The MAC (Migration Advisory Committee) has published its interim report looking only at the salary threshold idea last week. The report comes after Prime Minister David Cameron asked the Migration Advisory Committee (MAC) to look at options to reduce the number of people entering the country through the Tier 2 visa system.
The MAC was asked to consider the impact of increasing the Tier 2 (General) minimum salary threshold of £20,800 and the Tier 2 (ICT) minimum salary thresholds of £24,800.
Non-EU Tier 2 Migrants will have to earn £35,000 and above from next year April 2016.
While it’s early analysis found that increasing the minimum salary would ‘likely contribute to the Government’s aim of reducing skilled immigration in the UK’, MAC’s initial analysis has found little evidence to suggest there is widespread undercutting of UK resident workers by Tier 2 migrants occurring under the current salary thresholds.
In addition, the MAC report warned the Government against going ahead with changes to the minimum salary thresholds without considering the wider implications and a wider study into them in December.

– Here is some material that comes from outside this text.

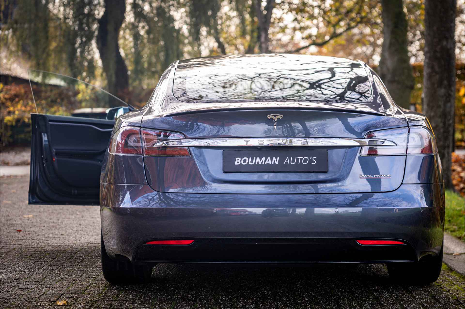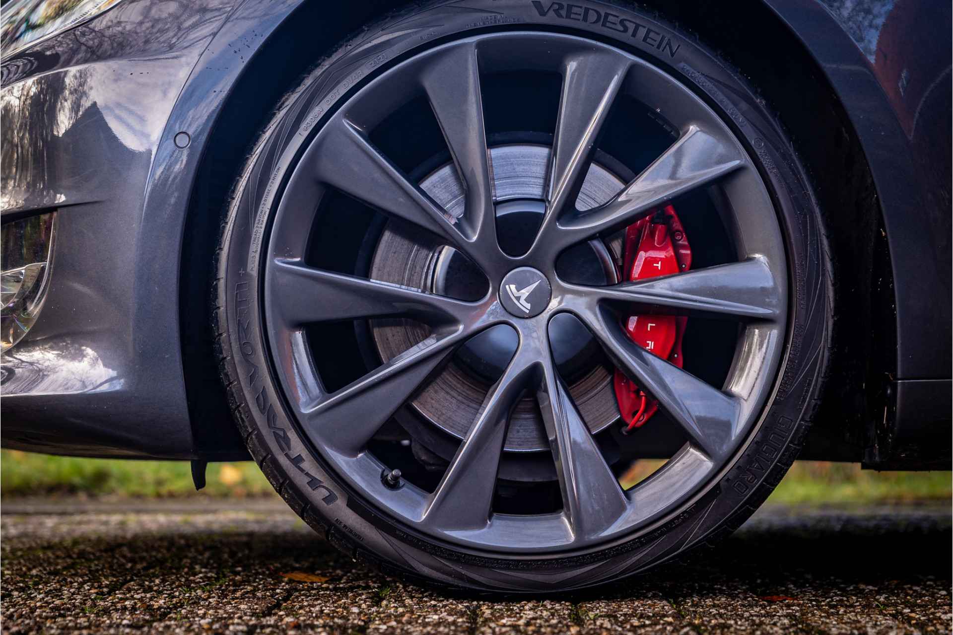 Fraaie Tesla Model S in zeer krachtige Performance uitvoering. Deze auto is nieuw in Nederland geleverd en in keurige conditie. Lakkleur is Midnight Silver en het interieur is voorzien van zwart premium leder.

They argued that ‘the salary thresholds should not be considered in isolation as they interact with the other proposals within the commission, not least the proposed skills levy.’
Currently, for somebody to apply for a Tier 2 visa, they must earn at least £20,800 per year and meet the minimum skill level of NQF6.
Increasing the salary threshold immediately would be ‘strongly opposed by many employers and would cause serious problems in particular sectors, including the education and health sectors‘, including nurses.
The report looked at various options for a new minimum salary threshold: updating it to the tenth percentile would see it rise to £23,000 and would affect 7% of all Tier 2 applications; increasing it to the median earnings for the minimum skill level would see it rise to £39,000 and affect 44% of all Tier 2 applications.
The MAC identified other drawbacks to the plan, including potential ‘bottlenecks constraining the growth of individual firms’ if they are unable to afford higher salaries for skilled non-EU migrants and unable to find appropriate replacements within the UK or EU.